江浪看着面前那杯还冒着热气的拿铁,原本有些冷硬的表情,肉眼可见地缓和了下来。
他并没有象上午训斥朱雅文那样发火。
反而,他拿起大喇叭,语气平和。
“行,全体休息二十分钟。”
经纪人松了一口气,连忙递上一块精致的提拉米苏。
“江导,您尝尝,这点心不错的。”
江浪接过蛋糕,看了一眼正从车顶上爬下来,一脸忐忑的韩更。
他招了招手。
“韩更,过来。”
韩更走过来,象个做错事的小学生。
“导演,我……”
“不用紧张。”
江浪打断了他,指了指监视器的回放画面。
“你来看看。”
“你的身体素质很好,这是你的优势。”
“刚才那几个晃动,肖秧都快飞出去了,你还能稳住重心,这说明你的内核力量很强,舞蹈没白练。”
听到这话,韩更愣了一下。
他以为会被骂,没想到是被夸。
旁边的经纪人眼睛一亮,耳朵立刻竖了起来。
“但是。”
江浪话锋一转,指着屏幕上韩更的脸。
“电影表演,和舞台表演是两码事。”
“舞台上,你要展示最完美的自己,要抓镜头。”
“但在电影里,尤其是这种灾难戏里,你要忘掉镜头。”
“你要相信,你脚下就是万丈深渊。”
江浪站起身,拍了拍韩更的肩膀。
“你没参加训练营,这对这种无实物表演确实很难适应。”
“这不怪你。”
“待会儿你试着把重心放低,不要用肌肉去对抗晃动,而是顺着它,甚至……稍微夸大一点你的失衡感。”
“哪怕摔倒也没关系,摔倒了反而更真实。”
韩更听得很认真,频频点头。
“我明白了,导演。”
“那种……失控的感觉,对吗?”
“对,就是失控。”
江浪笑了笑,眼神里带着鼓励。
“你是新人演员,能做到这一步已经很不错了。”
“这几条虽然ng了,但有几个动作非常漂亮,剪辑出来绝对帅炸。”
这一番话,说得滴水不漏。
既指出了问题,又给了台阶,还顺带夸了一波。
韩更的经纪人站在旁边,笑得脸上的粉都快掉下来了。
“哎呀,江导真是太会调教演员了。”
“我们韩更就是需要您这样的导演点拨。
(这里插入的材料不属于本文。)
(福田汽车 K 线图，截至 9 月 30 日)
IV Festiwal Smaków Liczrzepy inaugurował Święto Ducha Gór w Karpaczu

”
她心里的小算盘已经打得飞起。
回头通稿就写:《灵笼》片场江浪盛赞韩更,称其动作戏天赋异禀,舞蹈功底惊艳全场。
这热度,不就来了吗?
江浪看着经纪人那眉开眼笑的样子,只是淡淡地笑了笑,低头喝了一口咖啡。
咖啡有点甜。
但他并不讨厌这种世故的味道。
……
下午五点。
夕阳的馀晖通过演播室高处的窗户洒进来。
“好!最后一条!过!”
随着江浪的一声令下,三号棚里爆发出了一阵欢呼。
这一场原本预计要拍到晚上的车震大戏,终于在太阳落山前搞定了。
朱雅文从车里爬出来,整个人象是被抽了骨头一样,直接瘫在地上。
“我的妈呀……”
“终于结束了。”
“我的火锅……保住了。”
江浪拿着大喇叭,走到了场地中央。
“大家静一静。”
喧闹的人群安静下来,所有人的目光都集中在他身上。
江浪环视了一圈,目光扫过那些疲惫但兴奋的脸庞。
“今天这场戏,我知道大家都很累,也很晕。”
“有人可能会觉得,咱们这是在自讨苦吃。”
“明明后期加个特效就能解决的事,为什么要这么折腾?”
他顿了顿,声音提高了几分。
“因为这就是特效大片的难点。”
“之后的镜头,绿幕会越来越多,实景会越来越少。”
“你们面对的,可能是一块绿布,可能是一个空气,甚至是一个穿着紧身衣的小绿人。”
“在那种环境下,最难的不是动作,是信念感。”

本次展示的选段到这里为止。